It seems like every month before I get my period, I get really constipated. Then as soon as my period comes, I have a day or two of acute stomach upset. What's going on and how can I make it stop? (The stomach discomfort is severe enough to prevent me from carrying on my normal daily routine.)
As women's hormone levels fluctuate each month, there is a long list of symptoms that women may experience as part of premenstrual syndrome (PMS). These include headache, irritability, breast tenderness, skin changes, bloating, weight gain, and, yes, constipation.
Many women also report food cravings (like for chocolate!) and may indulge in more simple carbohydrates (sugar) to satisfy the urges. There is actually research that says women crave sugar due to lowering levels of serotonin before their menstrual period. So there may be a method to the madness of the food cravings many of us experience. But, an increase of sugar can cause abdominal bloating and constipation. Hormonal fluctuations may also play a role here as well.
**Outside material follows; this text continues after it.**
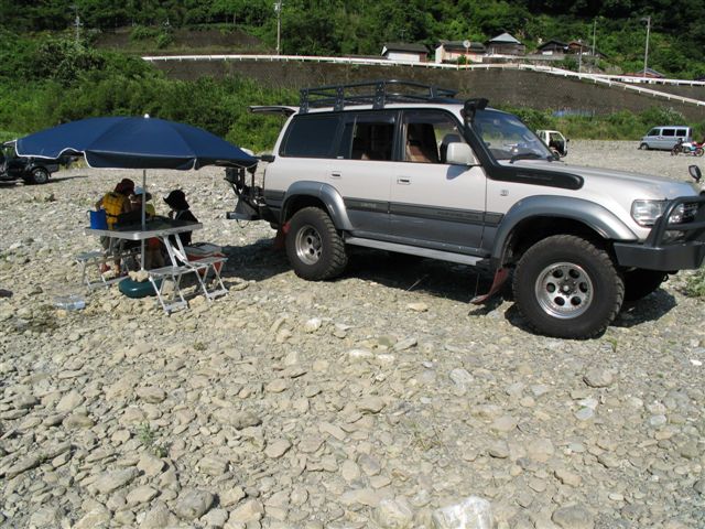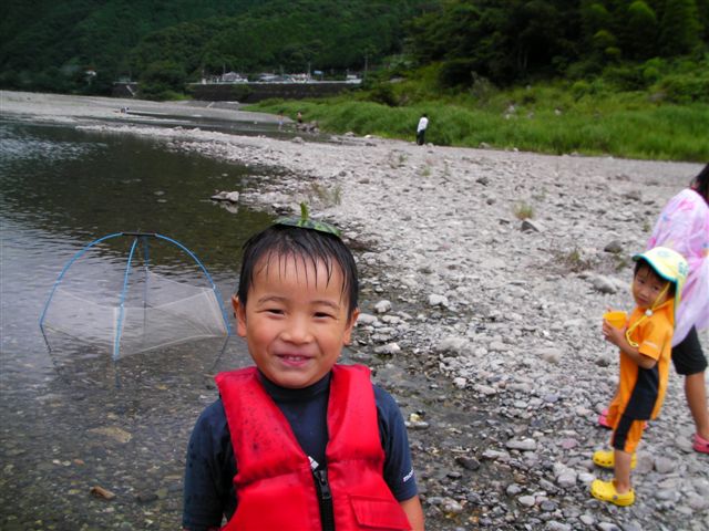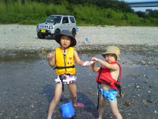 うどんツアーから帰ってきたらうちのチビたちが待ち構えていて・・遊ぼう・・・って!何がしたいか聞くと、1号がバトミントン、2号・・自転車3号・・昼寝をしていないためお怒りこの暑さで、外は・・・・・・・川遊びを提案して、それで決定!(3号怒ったまま床で)1号、2号を連れて川へ・・・いつもの場所が増水にて沈没(本流だけじゃないので、安心だったのに~)対岸へ降りて、あまり人のいない場所へん~ジムニ君の出番がやっとキター!もしはまってしまってもジムニ君なら助けてもらいやすいし、自分でも何とかなりそうだなんて考えながら、無事到着!それにしても暑い!!しかし川は・・・・う~~寒い2号の水かけに飛び上がりそうに・・・・その様子に面白がって、1号も参戦・・・・もちろん早々に川から上がりましたおやつのポッキーの奪い合いです。これからは、休日は朝マズメ勝負の、昼間は川原でかな?本当は、お船で海水浴が・・・・・・・しかし嫁が・・・・・・・・・トイレがない、酔う・・・・・なんて言うだろうしなぁ~

What to do about it? Try some of the following, and see if any changes you make help with your symptoms.
- Regular cardiovascular exercise helps your circulation and promotes bowel regularity: Make an extra effort to get a workout in as your period approaches.
- Increase your water intake.
- Increase intake of fiber.
- Watch (and moderate) your intake of sugar.
- Watch consumption of alcohol and caffeine
- Be aware of where you are in your cycle to help with making good food choices.
- If you have a history of recurring bowel problems, talk to your doctor about other possible causes.
- If these other approaches don't improve your comfort, talk to your doctor about using a gentle laxative to prevent constipation.